As road trips go, nothing to write home about.

A misanthropic rock star on the back end of his career discovers that touring the world’s backwaters isn’t much fun.

Caustic rocker-turned-writer Parker ill-advisedly revives Brian Porker, the semiautobiographical character featured in his story collection, Carp Fishing on Valium (2000). In reduced financial straits, the bile-filled yet compliant Porker undertakes a series of far-flung tours engineered by his ever-baffling manager Tarquin Steed, and a perplex of misadventures develops. In Sweden, Porker is hypnotized by Ba’hai cultists, who believe him to be the reincarnation of their prophet. In Tasmania, his soundman Carruthers purloins a rare wolf-dog, which becomes a prize coveted by a cabal of wealthy sybarites the touring party encounters in Iceland.
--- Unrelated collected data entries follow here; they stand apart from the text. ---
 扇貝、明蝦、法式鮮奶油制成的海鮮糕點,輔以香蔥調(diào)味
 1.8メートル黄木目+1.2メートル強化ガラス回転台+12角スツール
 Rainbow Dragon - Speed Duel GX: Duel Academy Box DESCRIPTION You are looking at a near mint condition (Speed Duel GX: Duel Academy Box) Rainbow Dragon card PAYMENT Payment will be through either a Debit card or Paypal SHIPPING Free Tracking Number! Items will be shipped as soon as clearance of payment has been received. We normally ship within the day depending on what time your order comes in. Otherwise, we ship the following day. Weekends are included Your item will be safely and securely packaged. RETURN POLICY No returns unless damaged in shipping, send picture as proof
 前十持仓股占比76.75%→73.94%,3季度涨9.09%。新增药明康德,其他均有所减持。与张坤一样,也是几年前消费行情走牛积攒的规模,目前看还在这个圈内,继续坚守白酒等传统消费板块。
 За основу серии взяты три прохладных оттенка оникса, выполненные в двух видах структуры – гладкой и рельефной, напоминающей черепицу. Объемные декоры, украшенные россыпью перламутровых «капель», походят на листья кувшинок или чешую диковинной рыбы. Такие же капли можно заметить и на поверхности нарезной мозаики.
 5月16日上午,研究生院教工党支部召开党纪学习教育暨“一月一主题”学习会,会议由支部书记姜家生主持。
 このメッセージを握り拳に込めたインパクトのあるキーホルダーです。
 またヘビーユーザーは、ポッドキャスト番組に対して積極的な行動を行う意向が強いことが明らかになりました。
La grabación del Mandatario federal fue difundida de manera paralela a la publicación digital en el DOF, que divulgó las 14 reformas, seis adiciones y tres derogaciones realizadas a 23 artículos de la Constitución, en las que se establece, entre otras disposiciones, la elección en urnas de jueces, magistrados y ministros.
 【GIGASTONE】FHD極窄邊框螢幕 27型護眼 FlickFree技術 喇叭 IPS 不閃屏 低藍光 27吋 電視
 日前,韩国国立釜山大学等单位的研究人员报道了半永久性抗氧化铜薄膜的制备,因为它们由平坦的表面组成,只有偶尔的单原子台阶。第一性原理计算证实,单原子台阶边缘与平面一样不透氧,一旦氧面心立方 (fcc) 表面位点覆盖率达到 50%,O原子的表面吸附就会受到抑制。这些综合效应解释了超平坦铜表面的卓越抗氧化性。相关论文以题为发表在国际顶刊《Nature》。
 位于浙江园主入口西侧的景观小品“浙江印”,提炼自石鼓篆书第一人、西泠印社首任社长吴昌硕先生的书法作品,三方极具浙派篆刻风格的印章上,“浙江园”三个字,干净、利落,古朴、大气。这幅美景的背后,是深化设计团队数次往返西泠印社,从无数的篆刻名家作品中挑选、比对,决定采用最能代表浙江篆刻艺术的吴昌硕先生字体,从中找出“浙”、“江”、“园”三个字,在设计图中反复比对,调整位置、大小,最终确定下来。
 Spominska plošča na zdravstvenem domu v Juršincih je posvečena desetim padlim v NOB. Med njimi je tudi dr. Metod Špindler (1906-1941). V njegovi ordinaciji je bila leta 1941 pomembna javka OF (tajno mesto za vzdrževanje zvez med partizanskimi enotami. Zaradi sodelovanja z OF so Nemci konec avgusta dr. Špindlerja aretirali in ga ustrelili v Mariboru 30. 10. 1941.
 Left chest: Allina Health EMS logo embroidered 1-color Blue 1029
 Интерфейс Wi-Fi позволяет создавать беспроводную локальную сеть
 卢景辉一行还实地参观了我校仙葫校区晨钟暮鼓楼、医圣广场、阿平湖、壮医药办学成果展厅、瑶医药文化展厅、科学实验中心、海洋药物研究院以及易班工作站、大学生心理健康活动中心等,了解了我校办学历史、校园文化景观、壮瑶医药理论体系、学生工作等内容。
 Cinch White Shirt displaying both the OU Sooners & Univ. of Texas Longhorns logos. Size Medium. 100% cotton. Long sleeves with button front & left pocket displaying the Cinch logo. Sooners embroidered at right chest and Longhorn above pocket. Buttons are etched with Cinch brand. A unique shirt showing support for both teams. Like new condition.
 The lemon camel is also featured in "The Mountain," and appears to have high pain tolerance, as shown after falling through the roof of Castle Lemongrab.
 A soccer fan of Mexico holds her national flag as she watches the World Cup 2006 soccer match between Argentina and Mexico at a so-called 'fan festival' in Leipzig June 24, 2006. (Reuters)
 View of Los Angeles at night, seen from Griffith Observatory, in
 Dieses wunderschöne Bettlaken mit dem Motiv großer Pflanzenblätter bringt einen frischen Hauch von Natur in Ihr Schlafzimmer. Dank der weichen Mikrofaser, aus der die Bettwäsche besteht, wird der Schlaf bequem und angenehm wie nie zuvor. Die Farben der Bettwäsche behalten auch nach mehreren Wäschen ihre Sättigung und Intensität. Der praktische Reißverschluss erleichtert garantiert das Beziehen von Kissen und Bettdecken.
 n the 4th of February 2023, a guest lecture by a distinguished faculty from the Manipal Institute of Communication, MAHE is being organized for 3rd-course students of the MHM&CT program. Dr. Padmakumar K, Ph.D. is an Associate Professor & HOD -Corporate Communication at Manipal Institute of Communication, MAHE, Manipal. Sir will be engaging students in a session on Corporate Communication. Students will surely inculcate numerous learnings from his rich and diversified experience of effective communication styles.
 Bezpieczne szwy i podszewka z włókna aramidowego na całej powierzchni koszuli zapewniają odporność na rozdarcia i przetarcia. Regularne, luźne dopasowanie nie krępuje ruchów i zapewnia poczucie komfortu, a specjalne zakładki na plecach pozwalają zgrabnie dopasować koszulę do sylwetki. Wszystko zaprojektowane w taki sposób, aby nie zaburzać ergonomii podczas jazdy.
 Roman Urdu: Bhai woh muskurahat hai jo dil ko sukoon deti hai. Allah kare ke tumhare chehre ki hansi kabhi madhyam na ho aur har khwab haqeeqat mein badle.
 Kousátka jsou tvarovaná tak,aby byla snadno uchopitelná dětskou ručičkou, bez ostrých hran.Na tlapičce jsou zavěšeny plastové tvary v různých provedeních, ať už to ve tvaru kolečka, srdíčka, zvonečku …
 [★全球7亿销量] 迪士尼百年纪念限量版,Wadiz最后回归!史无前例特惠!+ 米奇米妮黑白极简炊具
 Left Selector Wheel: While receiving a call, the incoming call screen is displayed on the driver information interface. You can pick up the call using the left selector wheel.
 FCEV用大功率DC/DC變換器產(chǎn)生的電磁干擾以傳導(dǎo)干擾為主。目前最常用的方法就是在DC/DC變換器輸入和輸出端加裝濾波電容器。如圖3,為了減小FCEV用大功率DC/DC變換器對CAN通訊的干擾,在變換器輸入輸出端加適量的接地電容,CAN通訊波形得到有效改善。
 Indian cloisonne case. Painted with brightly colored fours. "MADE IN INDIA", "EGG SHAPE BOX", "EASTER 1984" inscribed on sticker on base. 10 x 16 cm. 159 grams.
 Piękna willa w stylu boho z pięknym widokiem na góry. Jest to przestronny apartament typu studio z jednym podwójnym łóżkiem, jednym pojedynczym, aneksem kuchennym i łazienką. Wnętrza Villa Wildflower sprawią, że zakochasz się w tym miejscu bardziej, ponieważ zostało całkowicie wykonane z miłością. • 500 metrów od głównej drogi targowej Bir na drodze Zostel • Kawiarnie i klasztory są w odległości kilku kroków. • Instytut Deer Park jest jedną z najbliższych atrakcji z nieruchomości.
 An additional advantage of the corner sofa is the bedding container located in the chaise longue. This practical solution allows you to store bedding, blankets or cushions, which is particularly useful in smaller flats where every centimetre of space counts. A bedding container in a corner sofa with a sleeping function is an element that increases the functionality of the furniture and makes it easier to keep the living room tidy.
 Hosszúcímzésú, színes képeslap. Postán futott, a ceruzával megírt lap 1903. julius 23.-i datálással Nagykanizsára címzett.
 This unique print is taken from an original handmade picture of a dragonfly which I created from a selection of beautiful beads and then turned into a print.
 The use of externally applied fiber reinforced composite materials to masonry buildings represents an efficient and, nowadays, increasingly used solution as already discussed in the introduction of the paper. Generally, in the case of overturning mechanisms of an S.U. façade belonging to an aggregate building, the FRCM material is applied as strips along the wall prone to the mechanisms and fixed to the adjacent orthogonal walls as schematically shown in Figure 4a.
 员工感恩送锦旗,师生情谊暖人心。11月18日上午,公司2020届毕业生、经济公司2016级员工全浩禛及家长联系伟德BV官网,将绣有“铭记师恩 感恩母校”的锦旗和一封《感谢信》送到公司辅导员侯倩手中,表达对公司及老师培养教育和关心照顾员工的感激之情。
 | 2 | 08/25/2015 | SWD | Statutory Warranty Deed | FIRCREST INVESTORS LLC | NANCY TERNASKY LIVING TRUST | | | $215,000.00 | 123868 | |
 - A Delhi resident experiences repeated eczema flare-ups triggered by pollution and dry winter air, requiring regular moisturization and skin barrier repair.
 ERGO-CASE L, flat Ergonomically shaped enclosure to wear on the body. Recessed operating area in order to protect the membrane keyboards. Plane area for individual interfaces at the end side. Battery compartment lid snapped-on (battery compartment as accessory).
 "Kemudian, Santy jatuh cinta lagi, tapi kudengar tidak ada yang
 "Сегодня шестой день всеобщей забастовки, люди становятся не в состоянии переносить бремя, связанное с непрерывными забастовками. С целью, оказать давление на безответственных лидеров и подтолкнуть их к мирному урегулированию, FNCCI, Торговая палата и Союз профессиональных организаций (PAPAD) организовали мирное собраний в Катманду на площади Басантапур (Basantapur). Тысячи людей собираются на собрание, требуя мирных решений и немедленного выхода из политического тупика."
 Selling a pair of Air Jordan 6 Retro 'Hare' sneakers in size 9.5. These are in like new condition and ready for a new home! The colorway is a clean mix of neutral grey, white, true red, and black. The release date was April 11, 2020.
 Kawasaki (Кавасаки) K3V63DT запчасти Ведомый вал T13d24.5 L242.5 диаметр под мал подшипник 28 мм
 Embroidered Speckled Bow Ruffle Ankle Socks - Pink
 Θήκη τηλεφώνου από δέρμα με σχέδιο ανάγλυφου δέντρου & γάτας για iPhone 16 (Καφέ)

These three nonsensical, lugubriously developed plot strands come together in a chaotic and pointless finale that returns the principals to the Tasmanian outback. It’s an agonizing odyssey, mainly because Porker isn’t very good company. Parker’s lyrical venom plays well in a three-minute song, but his fictional surrogate grows wearisome over the elongated course of the novel as he rails incessantly against religious zealots, record company toadies, punk bands, guitar and lighting technicians, stewardesses, in-flight bores, attorneys, and anyone else who rubs him the wrong way. The sour, generally humorless tone is only slightly dispelled by some overwrought but occasionally droll descriptions of Porker’s misbegotten gigs in the hinterlands, by Steed’s sleight-of-hand business ploys, and by Carruthers’s bizarre north-of-England patois. The lazily told tale is also marred by indolent editing mistakes sure to put off readers: Though set in 1983–84, there are anachronistic allusions to Sinead O’Connor, the Icelandic band the Sugar Cubes, the drug Ecstasy, and digital recording, all of which came to the fore in the ’90s.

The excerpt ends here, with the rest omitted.